It has previously been proposed to provide an ignition coil whose terminal ends are connected to two parallel connected spark plugs through reversely polarized diodes so that, upon selective energization of the primary of the ignition coil in different directions of current flow, selected spark plug pairs fire simultaneously, the identity of the spark plug pair firing being determined by the polarization of the respective diodes. It has been found that damage to the diodes, for example alloying-through or effective short-circuit or low-resistance paths through one of the diodes may cause firing of the spark plugs at undesired instants, for example during the intake or compression stroke of the engine, resulting in misfires and possible damage to the internal combustion engine (ICE) in which the ignition system is installed.
It is an object to improve a spark plug system of the kind referred to by so arranging the system that misfires are effectively prevented.

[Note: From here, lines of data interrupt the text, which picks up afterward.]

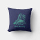Dubbelzijdig strandesthetisch gooien kussens met prachtige shell contour en gemakkelijk bewerkbare aangepaste tekst op witte achtergrond aan één kant, en hetzelfde patroon met turkooiskleur op marinekleurachtergrond bij LakeIsland.
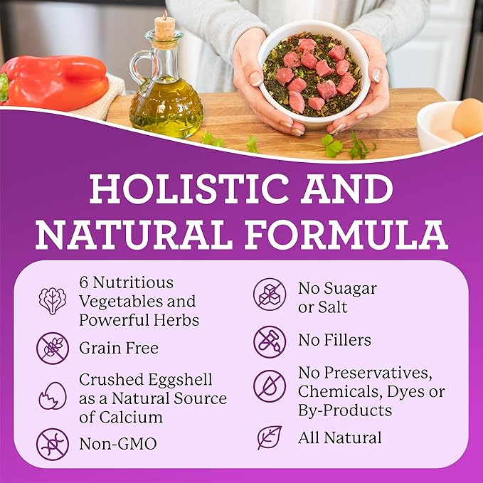 - Green food pre-mix makes an ideal base for a nutritionally complete low-carb diet; 100% grain-free, our holistic blend of six (6) nutritious dehydrated vegetables contain absolutely no dies, fillers, wheat, corn, soy, nor preservatives
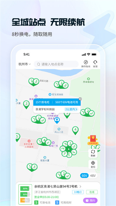 覆盖全区域换电站点,随时查看附近站点位置信息
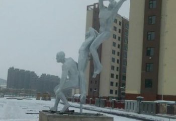 不銹鋼網格籃球場擺放雕塑,為小區廣場增添創意色彩

Briefly, misfires of the engine are prevented by suppression of undesired firing of spark discharge of a spark plug upon malfunction of a respective serially connected diode when ignition energy is passed to the serially connected diodes which may be malfunctioning, by providing an additional diode connected in parallel across each of the spark plugs and polarized in reverse polarity with respect to the serially connected diodes. The parallel connected diodes then will act as a short circuit of much lower resistance than the spark path of the spark plug and shunt or short-circuit electrical energy through the spark plug, so that, even though the serially connected diode may not have blocked electrical energy, energy will not appear across the spark gaps and thereby prevent misfire of the engine by short-circuiting sparking energy which would be applied to the respective spark plug at the wrong time.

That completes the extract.